アフタヌーン・セミナー 第26回 Aussie Slang

  • 2015.03.10 Tuesday
  • 19:24
アフタヌーン・セミナーとは、サイマル・アカデミー受講生特典として実施している無料セミナーで、 “学んだ語学を活かす”ためのセミナーです。
趣味や芸術、旅行などをテーマにしたネイティブ講師によるスピーチや、通訳者・翻訳者による『通訳者・翻訳者への道』といったスピーチが行われます。
スケジュールのご都合でアフタヌーン・セミナー当日参加できなかった受講生の皆様に、また、サイマル・アカデミーでのご受講をご検討いただいている皆様にも、担当講師より当日スピーチした内容やお伝えしきれなかった事などをご紹介します楽しい

今回の記事は・・・
2015年2月17日に実施したKatrina Larsenによるアフタヌーン・セミナーです。
オーストラリアオーストラリア出身のKatrinaがいかにオーストラリアで話される英語がユニークか皆さんにご紹介しましたるんるん
 

Aussie Slang
BY Katrina Larsen

So, what is “Strine”?  Well, of course, it refers to Australian English, specifically slang, our special breed of colourful English unique to the land down under.

The shortening of words is synonymous with “Strine”, with the earliest examples evident from the 1800s, not long after white settlement. It is therefore a long tradition in terms of our modern history and not some recent variant of English. Interestingly, however, the term “Strine” itself was not coined until the 1960s. It is almost like a code and, unless you’re Australian, or have lived in Australia for some time, you may have trouble making sense of it.

This unique speaking style includes phrases such as bickies (biscuits), coldies (beer) and barbies (barbeques) as well as posties (postmen), pollies (politicians) and vegos (vegetarians).  Oh, and don’t forget the greenies (environmentalists)

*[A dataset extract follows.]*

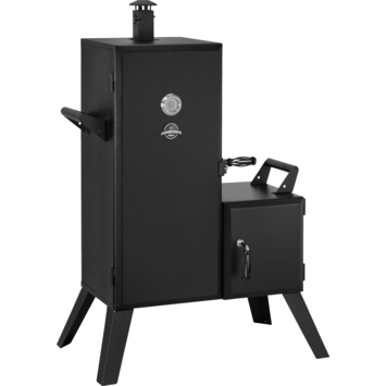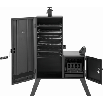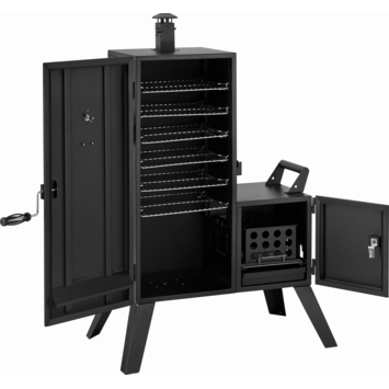 Met de Jamestown Finley vertical smoker voeg je eenvoudig rooksmaak toe aan je gerechten. Deze rookbarbecue is geschikt voor langzaam garen van vlees of vis, waarbij rook en warmte zich gelijkmatig verspreiden. Je houdt de temperatuur in de gaten met de ingebouwde thermometer in het deksel. Het grillrooster heeft een diameter van 26,5 cm, voldoende voor meerdere stukken tegelijk. Dankzij de verticale vorm rook je efficiënt op meerdere niveaus. De smoker is gemaakt van metaal en uitgevoerd in zwart. Je gebruikt hem op het terras of in de tuin voor een avond roken en grillen met familie of vrienden.

The question is, why do we do it? Does it save time? Effort? Well, in some cases it might make the word actually longer (we often use “Tommo” for the common name “Tom” which is hardly shorter!). Some say this kind of language may make us seem friendlier, more likeable. Does it make us seem more intelligent? Less intelligent? Well, I wouldn’t want to comment on that! Kevin Rudd, a former Australian prime minister, was a heavy user of Aussie slang to try to connect with voters but, at the same time, often criticised for doing so as it was felt he was somehow not being himself. Rudd’s response? He urged his naysayers to give him a “fair crack of the whip” (to give him a fair chance).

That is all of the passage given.